When Pete Tomasi, Patrick Gleason, and Dan Jurgens wrapped up their acclaimed runs on Superman and Action Comics; they definitely left Brian Michael Bendis in a good spot to pick up on. Bendis does not waste this and perfectly builds on the story elements which preceded him as the mini-series rolls. Despite fears of “Bendis-speak” and disregard for continuity, it appears that Superman’s future is in safe hands with Bendis at the helm. The ear for dialogue he displayed in his Ultimate Spider-Man run at the beginning of his career is back in perfect form. The writer truly captures Superman’s voice perfectly, from his grandiose heroic spots to the deeper more personal moments. And of course the fast-paced atmosphere of the Daily Planet newsroom is the perfect environment for his brand of witty rapid-fire speech. One of my favorite elements of Man of Steel was the exploration of where Superman stands within the greater superhero community of the DC Universe. At various points we see appearances by: Batman, Green Lantern, Supergirl, and the rest of the Justice League. It becomes crystal clear the reverence they all hold their blue-clad colleague in, even if he just sees himself supes1as another part of the team no better than anyone else.

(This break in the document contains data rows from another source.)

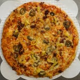 Red sauce, pepperoni, Italian sausage, Canadian bacon, onion medley, green peppers, mushrooms, green olives, and black olives.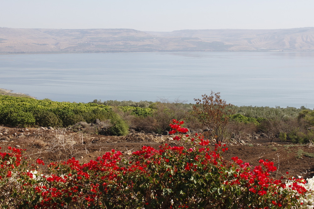 Vuorelta avautuu kaunis näkymä alas Gennesaretinjä...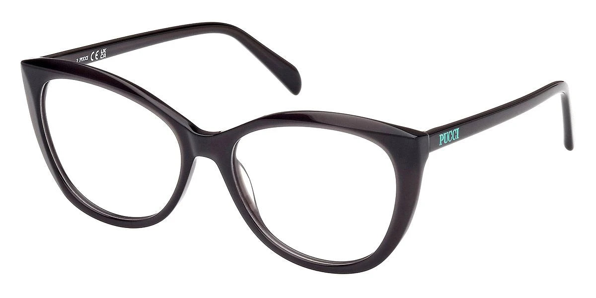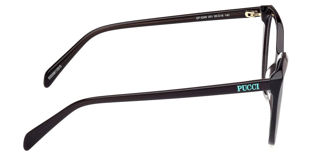 Shiny Black (001) Eyeglasses (EP5249 001 55) by Emilio Pucci™. Size: 55-16-140, Shape: Cat-Eye, Material: Plastic.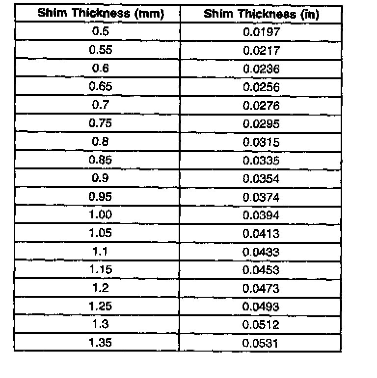 Shim Size Specification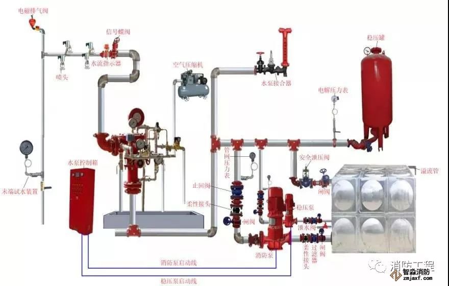 預(yù)作用系統(tǒng)在準(zhǔn)工作狀態(tài)時(shí)配水管道內(nèi)不充水,由火災(zāi)自動(dòng)報(bào)警器自動(dòng)開啟預(yù)作用閥后,轉(zhuǎn)換為濕式系統(tǒng),預(yù)作用系統(tǒng)由閉式噴頭、預(yù)作用閥組、充氣設(shè)備(不是必須有)、水流報(bào)警裝置、供水設(shè)施及供水配水管道等組成。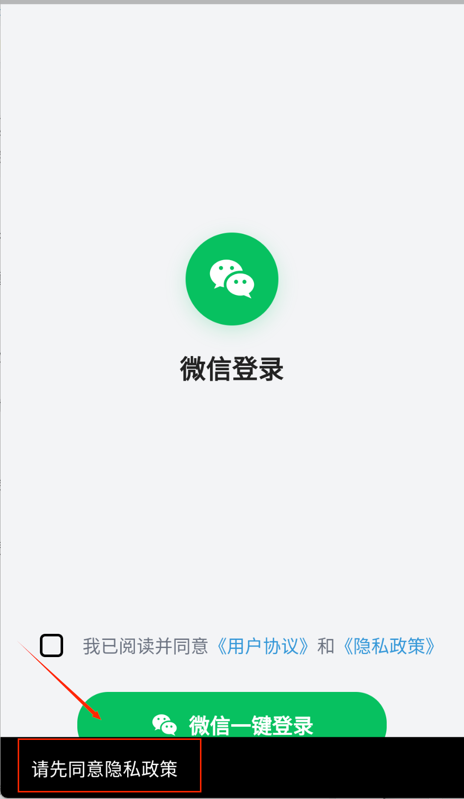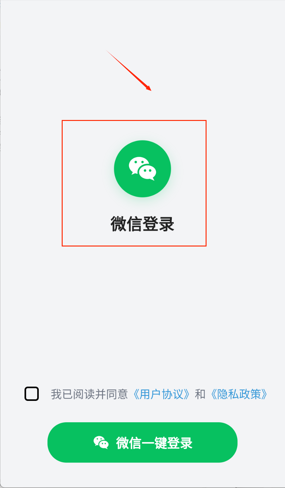 2、接着在登录界面选择微信登录方式,记得要勾选同意用户协议和隐私政策的小方框,不然点击一键登录按钮时会提示需要先同意相关条款。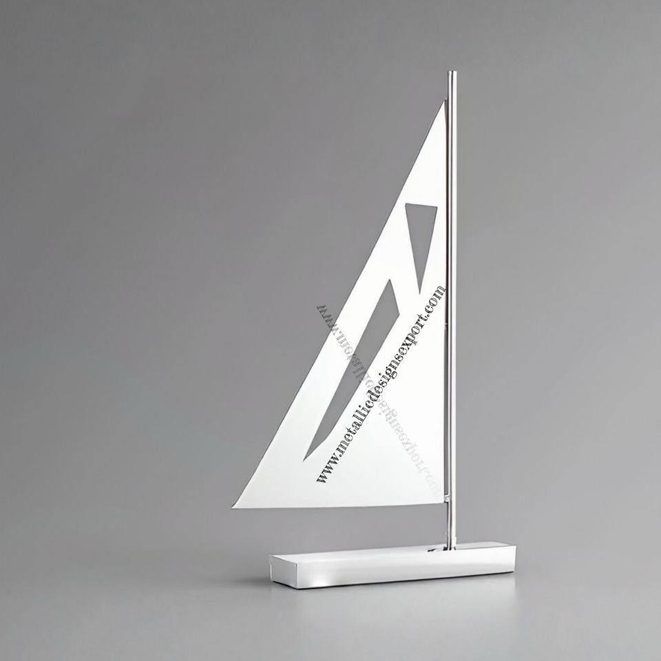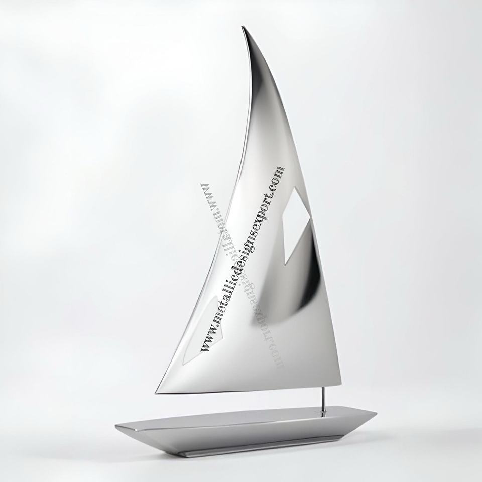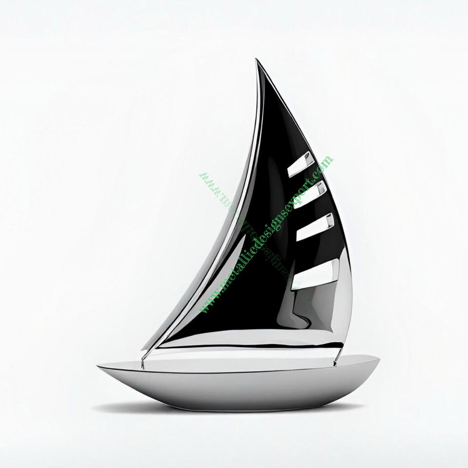 รูปปั้นเรือใบสแตนเลสขัดเงาทันสมัยลายทะเลทำจากเงินสีดำตกแต่งบ้านสำนักงานขายส่งเคลื่อนย้ายได้อลูมิเนียม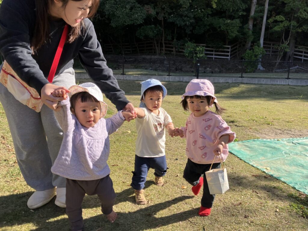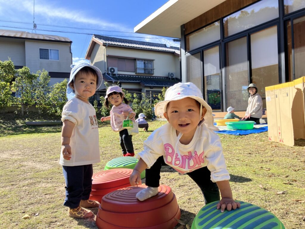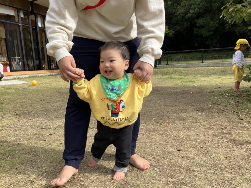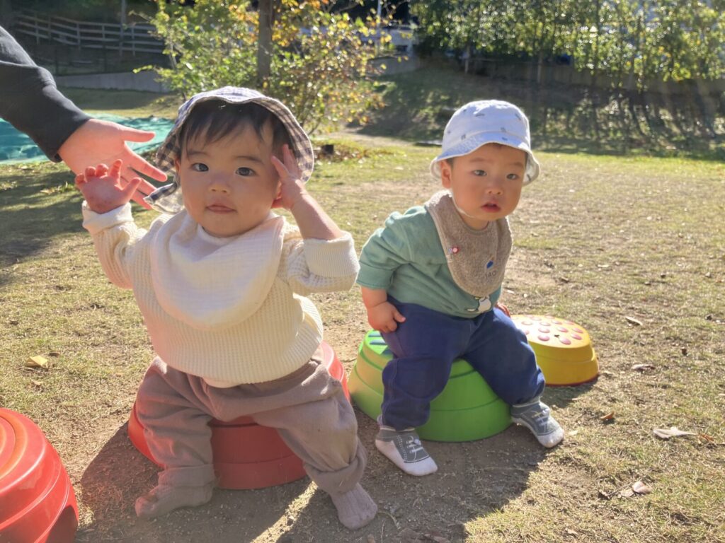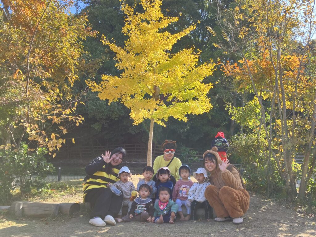 園庭にはどんぐりや赤や黄色、茶色など・・いろんな色の落ち葉がい~っぱい!葉っぱやどんぐりを見つけると「はっぱ!」「あった!」と嬉しそうに教えてくれるハープさんです!💕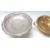 A collection of three tazza dishes, comprising of a tall pewter example with floral decoration to the base and bobbin legs with makers mark to the base by Solkets, another brass example with twin handles and floral decoration to the inside and a whiter metal example having Greek mythology decoration to the inside. Height measures 15cm.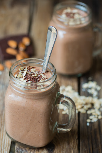 Pour the blended oat mix into your cup, stir in the almond/chocolate mix and serve.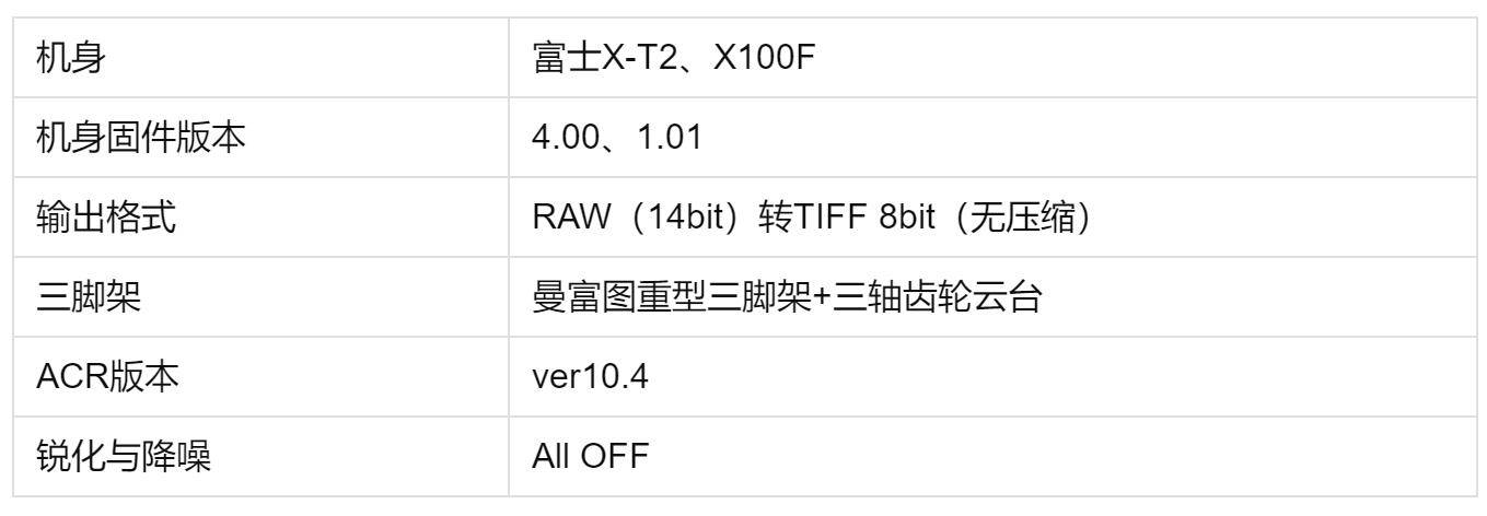 测试开始之前有一点需要说明一下,众所周知ACR对于富士X-Trans CMOS的RAW文件解码支持并不是很完美,但为了照顾整个测试流程的公正性依然采用了ACR来作解码,不过对于同一块乱排CMOS来说这个并没有会造成偏差的影响。考虑到此因素,请大家不要跨品牌比较数据,望周知。
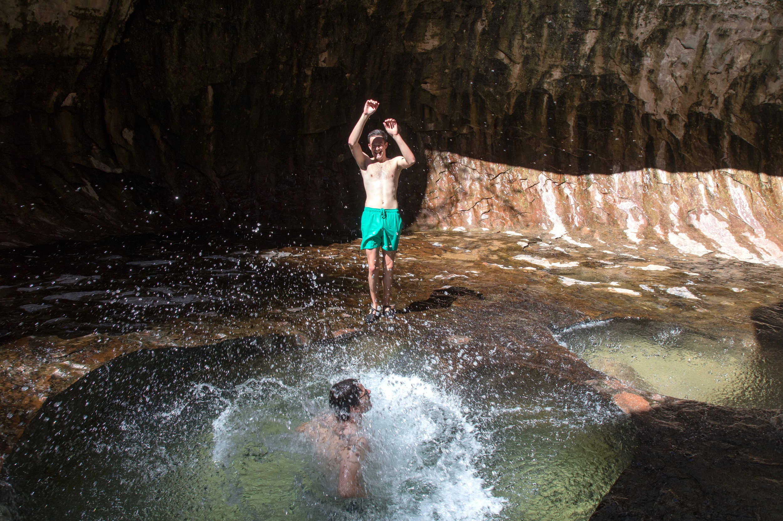 On s’avance tout doucement vers l’entrée du tunnel, avançant à pas de loup sur la roche polie par les années. Les parois du Subway cache une succession de piscines naturelles à l’eau bleutée translucide. Le chemin s’arrête ici, dans ce décor incroyable baigné de soleil. Par curiosité, et sans doute pour prolonger un peu le plaisir de la découverte, on dépose toutes les affaires aussi haut que possible avant de partir à la nage dans le dédale des derniers bassins. Alors que la fraicheur saisit instantanément chaque muscle immergé, on avance en riant bêtement, insensible à ce léger détail. Après quelques virages, une cascade d’eau glacée nous accueille dans le dernier bassin. Les plus courageux se glissent dans une étroite faille entre deux rochers pour se laisse asperger par la Keyhole Falls, dernière étape du voyage.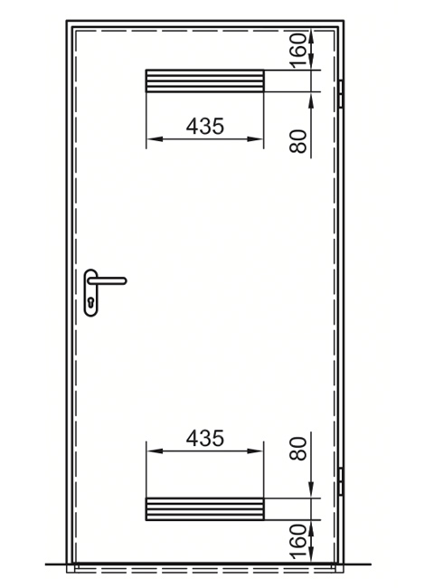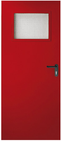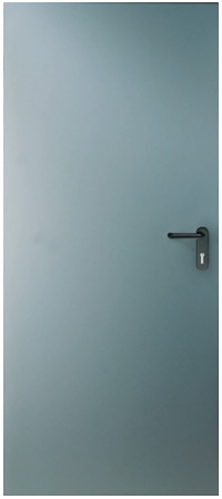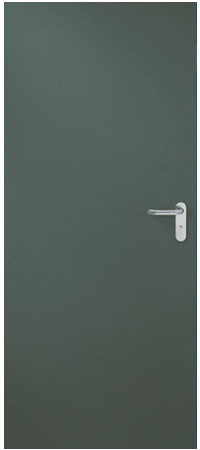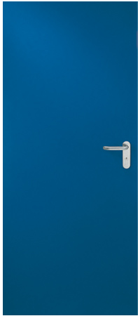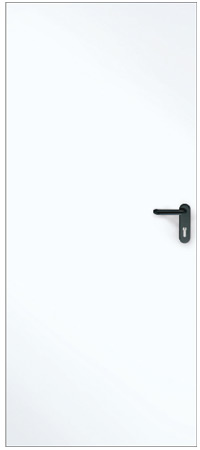 Dveřní křídlo: 40 mm silné, na třech stranách oplechované z tenkého žárově pozinkovaného plechu.
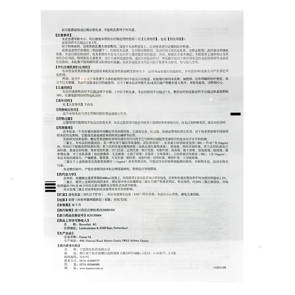 本品为复方制剂,其组分为1克乳膏含活性物质 :卤米松一水化合物 Halometasone monohydrate 0.5mg, 三氯生 Triclosan 10mg。赋形剂 :月桂基硫酸酯,丙烯甘油,加至1克。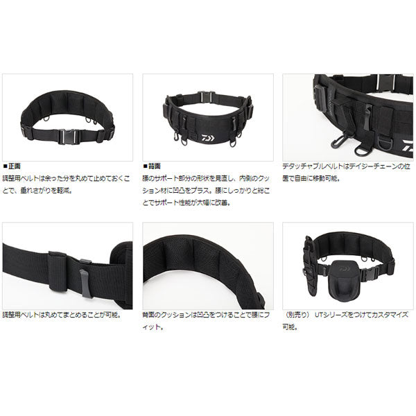 釣りに合わせてカスタマイズ可能なフィッシングベルト。安心の腰サポートクッション装備。(NEW)腰サポート用調整ベルトを身体前側に引く仕様に改良。ホールド感が大幅UP!!(NEW)DF-2222腰巻き式ライフジャケットを背面に装備可能。※1(NEW)背面にデイジーチェーンを配備し、オリジナルカスタマイズが可能。■釣種を問わず使用が可能なフィッシングベルト。■ワンタッチで着脱可能なフロントバックル採用。■50mm幅ベルト&背当てパッドで快適なホールド力実現。■デタッチャブルベルト調整カン2個付+ナスカン1個付。(※1)DA-4322背面のフックにDF-2222のデイジーチェーン仕様を引っかけることで合体が可能。腰巻式ライフジャケットとの併用ができます。 (合体の際はDF-2222のフロントバックルを必ず留めて下さい。)

As expected from as much talent as Man of Steel has, the art is absolutely incredible. I can not remember the last time Adam Hughes did interior art for a book, but I doubt it looked this good. As a veteran of the business, Kevin Maguire knows exactly how to draw Superman; from epic battles through the Metropolis skyline, to little moments like Green Lantern checking on his bud. Ryan Sook and Doc Shaner both have a timeless, almost retro, style which fits Superman perfectly. As a constant artist throughout the series, depicting a pivotal moment, Jason Fabok channels his inner-Curt Swan with a beautifully detailed and realistic depiction of the Kents.

With Man of Steel, Brian Michael Bendis has laid groundwork for a whole host of stories to unfold within the pages of the Superman family of books. We have; new allies, new enemies, and new mysteries to explore for a long time to come. Most importantly, the superstar writer has shown the world that its greatest superhero is in great hands for the foreseeable future.